Back to postsArnold Lupamo
Jan 18, 2025·4 min read

Why I contribute to open source

Open source taught me more about software engineering than any course. Here's what I've learned and why I keep coming back.


My first open source contribution was terrifying. Reading a codebase built by engineers far more experienced than me, trying to understand conventions I'd never seen, writing a PR knowing strangers would critique every line.

It was also the best decision I made as a self-taught developer.

What you actually learn

Courses teach you to build things. Open source teaches you to build things *with other people* — which is most of what professional software engineering actually is.

In my Wikimedia Foundation internship, I wasn't just writing React components. I was:

  • Reading code written by engineers across time zones
  • Understanding *why* decisions were made, not just what they were
  • Writing code that others would maintain long after I was gone
  • Communicating design choices in PRs and discussions
  • None of that maps cleanly to a tutorial.

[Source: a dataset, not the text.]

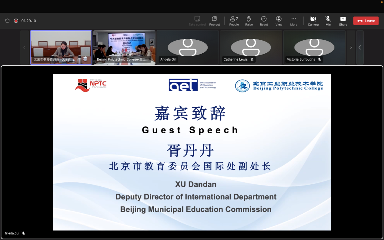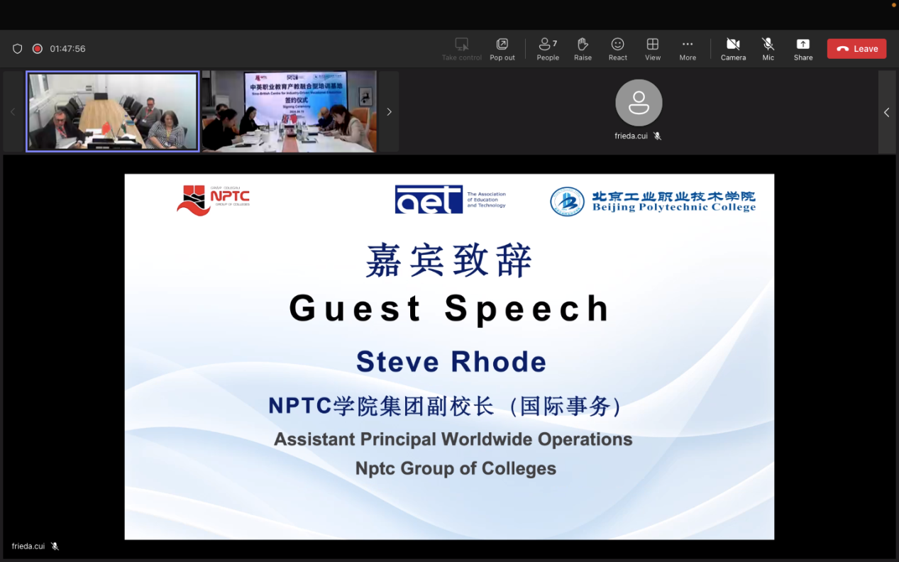 NPTC學院集團代表Steve Rhodes 線上出席會議并做發表講話。NPTC是英國最著名的職業學院之一,多年來,我們與中國多所學院溝通交流,并開展千名職業教師項目,幫助其實現從教室、工廠和培訓基地到以行業驅動的職業教育轉型,彌補勞動力技能差距,從而支持中國經濟發展,讓學生具有實用技能和深入理解最新行業實踐的高素質從業者。
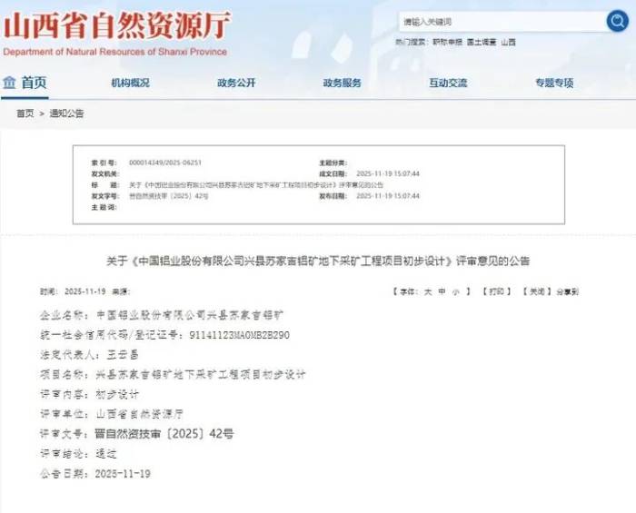 www.188betkr.com 讯11月19日,山西省自然资源厅发布公告,正式批准中国铝业兴县苏家吉铝矿地下采矿工程项目的初步设计。铝矿项目是中国铝业在山西省吕梁市兴县布局的重要棋子,也是其控股子公司山西华兴铝业有限公司氧化铝生产线的核心配套项目。

    The compounding effect

    Each contribution builds context. After a few months in a codebase you start developing intuition for its patterns, its weak spots, where the technical debt lives. That intuition is genuinely valuable and surprisingly rare.

    Where to start

    Don't look for "good first issues" on random repos. Find something you actually use and care about. Read the code. File a detailed bug report. That's already contributing. A PR will follow naturally once you understand the codebase.

    The Wikimedia ecosystem — Wikipedia, Wikidata, Commons — is a great place to start if you want meaningful global impact. The community is welcoming and the problems are real.